DATA SHOWN -
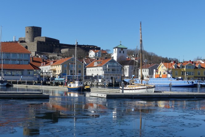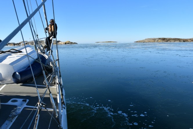 Marstrand är nästan alltid isfritt, det är därför samhället ligger där det gör. Vi hoppas på det. Vända om känns inte som ett attraktivt alternativ. Och mycket riktigt. Så snart vi rundat Ärholmen luckrar isen upp sig. Små motorbåtar tuffar runt på söndagstur mellan fläkten. En man passar på att paddla runt ön på sin SUP i det vackra vädret. Fågellivet sprudlar och folk är ute och promenerar. Vi är framme vid våren. Vi är hemma!
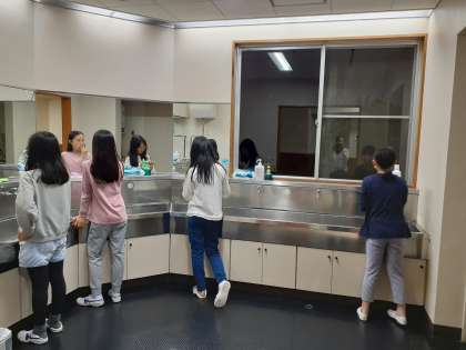 寝る支度をしています。はみがきだけでなく、洗顔クリームで
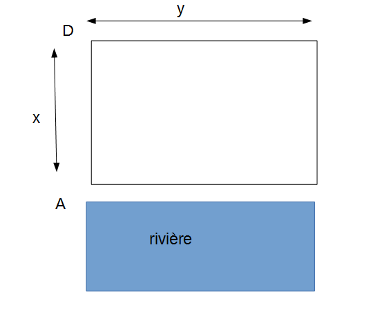 clemclem123456789 Posté(e) le 9 octobre 2016 Signaler Posté(e) le 9 octobre 2016 Bonjours j'aimerais un petit coup de pouce. L’énoncé: On veux clôturer sur trois cotés un champ rectangulaire . le quatrième coté est bordé par une rivière. On dispose d'une clôture longue de 400m. Soient x et y les dimensions du champ (x appartient à [0;200] et y appartient à [0;200] ) 1)Exprimer y en fonction de x donc a cette question je pense que la réponse est 2xaucarré-y 2) Démontrer que l'aire de champ est A(x)=400x-2x au carré donc la j'ai eu l'idée de réaliser une équation avec x fois y=400x-2x au carré mais je n'est pas eu de résulta c'est pour cela que je vous demande de l'aide.

THE PROBLEM - Leave every picture out, and transcribe the data above exactly as it reads.

ANSWER BELOW -
 Marstrand är nästan alltid isfritt, det är därför samhället ligger där det gör. Vi hoppas på det. Vända om känns inte som ett attraktivt alternativ. Och mycket riktigt. Så snart vi rundat Ärholmen luckrar isen upp sig. Små motorbåtar tuffar runt på söndagstur mellan fläkten. En man passar på att paddla runt ön på sin SUP i det vackra vädret. Fågellivet sprudlar och folk är ute och promenerar. Vi är framme vid våren. Vi är hemma!
 寝る支度をしています。はみがきだけでなく、洗顔クリームで
 clemclem123456789 Posté(e) le 9 octobre 2016 Signaler Posté(e) le 9 octobre 2016 Bonjours j'aimerais un petit coup de pouce. L’énoncé: On veux clôturer sur trois cotés un champ rectangulaire . le quatrième coté est bordé par une rivière. On dispose d'une clôture longue de 400m. Soient x et y les dimensions du champ (x appartient à [0;200] et y appartient à [0;200] ) 1)Exprimer y en fonction de x donc a cette question je pense que la réponse est 2xaucarré-y 2) Démontrer que l'aire de champ est A(x)=400x-2x au carré donc la j'ai eu l'idée de réaliser une équation avec x fois y=400x-2x au carré mais je n'est pas eu de résulta c'est pour cela que je vous demande de l'aide.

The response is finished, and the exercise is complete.